The Black Swan: The Impact of the Highly Improbable Irony

The Black Swan: The Impact of the Highly Improbable Irony

Synchronicity

Synchronicity is the word that has been used to describe fateful alignments of random chance and personal expectation. Sometimes synchronicity is misunderstood directly as irony because it is so unexpected that what was seemingly chance has occurred. This happened to Taleb when she published a book online with no expectation of getting famous, but then she did get famous. Of course secretly, she did desire that or perhaps even believe it could happen, but the chances of it actually happening are synchronous to her destiny of being a writer, she feels. Therefore, the irony of synchronicity is that life has a feeling of being destined.

Unlikely facts are normal

If our sense of destiny brings us into contrary expectations, Taleb invites us to believe in the impossible because actually, unlikely facts are the norm. That is ironic by definition, because the norm should be what is normally expected, but in a universe with a planet like ours orbiting a sun for no explicit reason, the truth is that life itself is statistically improbable. Remembering that reality does not honor our personal opinion of "likelihood" is an important aspect of what this book offers.

The book publication

The ironic facts of Taleb's life are that she wanted to be a writer but did not believe she could. Then, by a random process, she was elevated to a position of fame by a publishing company who randomly discovered her. The unlikeliness of her publication is reason to publish one's own work, because it could happen for any one of us. The reality is that statistically, it doesn't—most books go right into oblivion and no one reads them. However, reality has a way of reward those who take risks; that is what the reader gleans by moralizing this irony.

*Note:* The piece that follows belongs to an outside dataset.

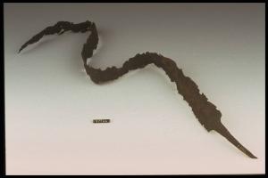 Spada con codolo a sezione rettangolare a base larga,spalla a lati concavi,lama lunga a lati paralleli e convergenti a ridosso della punta, sezione a losanga.

The false division of fact or fiction

The author takes a stand with all those literary minds before her who address the issue of truth as fact and fiction. Fiction is not a "lie," but rather, fiction allows a mode of interpretation called narrative: concepts and ideas can be treated through a dynamic artistic process for a better analysis of the elements of truth. That means that facts must be somewhat consistent with the narrative process of understanding reality. As a neuroscientist, Taleb knows intimately how strikingly impossible reality is: she studies the most impossible object of all nature: the human brain.

Reality as narrative experience

As a brain-scientist, Taleb offers some facts about reality and perception. Rather than viewing the brain as a tabula rasa engine, the brain is better viewed as a machine through which the body reconciles external circumstances to an internal desire for survival and success. That process of natural survival and success defines the reality around us because our perception of reality is governed by that narrative process of responding to new threats or strategizing, etc. The point is that Taleb treats the reality that can be known as a narrative process, so that it becomes worth taking risks. This raises an excellent question: What is the difference between the reality we observe and the objective reality? The difference is undeterminable and so the book ends on an unlikely note: Reality does not actually have to exist in order for our experiences of reality to exist.